Lokale Dienste sind Verwaltungsdienste, die speziell für den internen Betrieb der Sophos Firewall erforderlich sind, wie z. B. Web-Administrations- und CLI-Konsolen sowie Authentifizierungsdienste. Sie können den Zugriff auf lokale Dienste zulassen oder blockieren. Verwaltung > Gerätezugriff.

• Aktivieren Sie die Kontrollkästchen, um den Zugriff auf diese Dienste aus verschiedenen Zonen zu ermöglichen.
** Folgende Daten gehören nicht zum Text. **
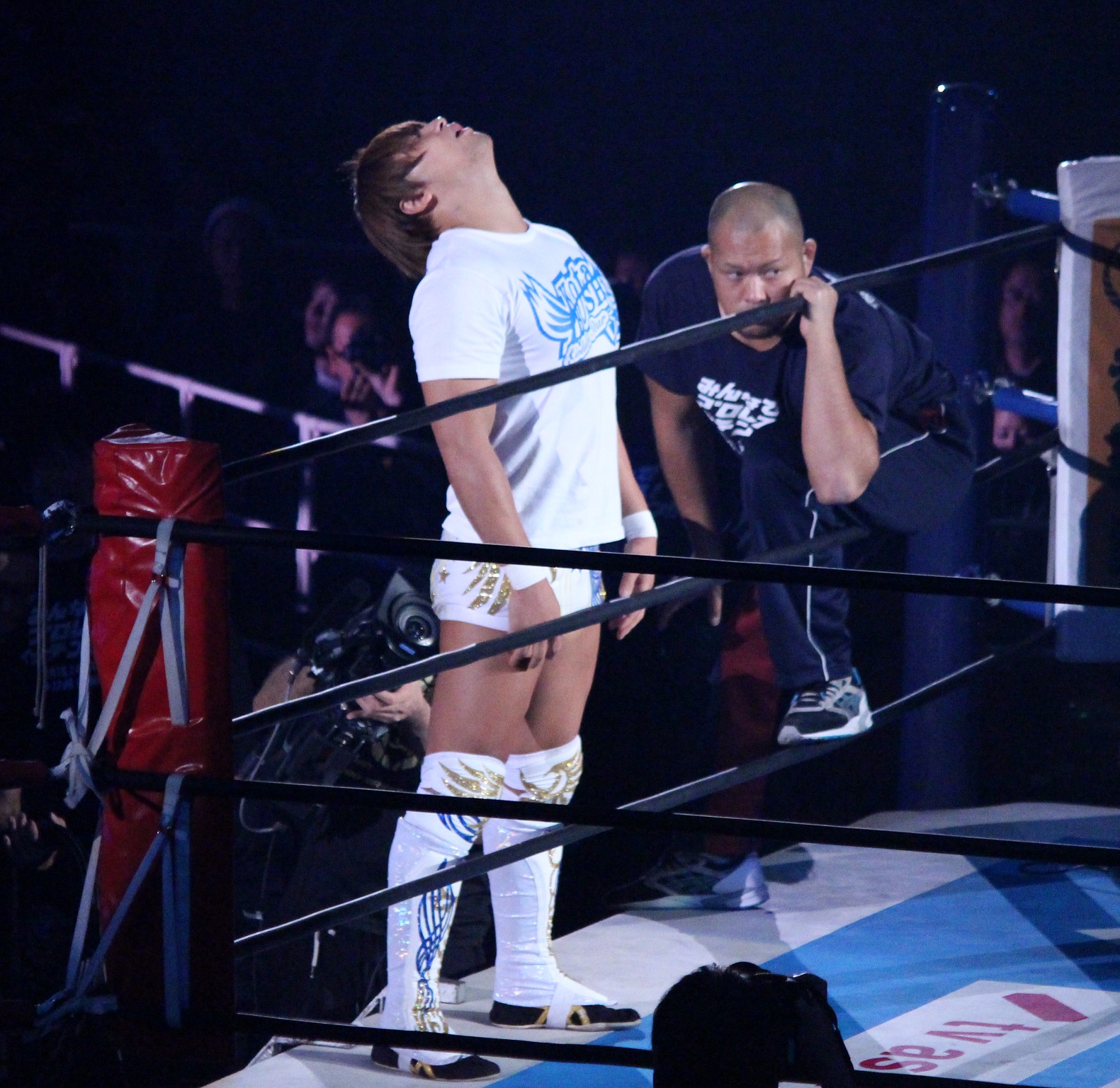YAMATO「まあリコシェね、ホント今日は久々3年ぶりですかね、試合して。3年ぶりぐらいに会ったらホントにスターのオーラがすごくてね。髪の毛もなくなって別人かと思って。もう帰る気満々みたいな格好してますけど(笑)。まあ彼との思い出はね、ドリームゲート闘ったこともありまして、あのときは悪いことしてごめんなさいね。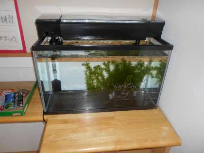 玄関の水槽にメダカが入りました(左)。

Weitere Informationen zu den Diensten finden Sie unter Zugang zu lokalen Dienstleistungen aus den Zonen.
• Um nur bestimmten Hosts und Netzwerken den Zugriff auf die Dienste zu erlauben, scrollen Sie nach unten zu „Lokale Dienst-ACL-Ausnahmeregel“ und klicken Sie auf „Hinzufügen“.

Lokale Dienst-ACL: So funktioniert der Gerätezugriff

Für lokale Dienstleistungen gelten folgende Bedingungen:

• Der Datenverkehr zu diesen Diensten lässt sich nicht über Firewall-Regeln steuern. Dies ist nur über eine Firewall möglich. Verwaltung > Gerätezugriff.

• Für benutzerdefinierte Zonen können Sie den Zugriff auch zulassen oder blockieren von Netzwerk > Zonen.

• Um auf einen lokalen Dienst zuzugreifen, der sich im selben Subnetz, derselben Zone oder Schnittstelle wie ein Host befindet, müssen Sie die Zone auswählen. Wenn Sie beispielsweise vom LAN-Bereich aus auf den DNS-Dienst zugreifen und die Sophos Firewall als DNS-Server fungiert, müssen Sie für DNS „LAN“ auswählen.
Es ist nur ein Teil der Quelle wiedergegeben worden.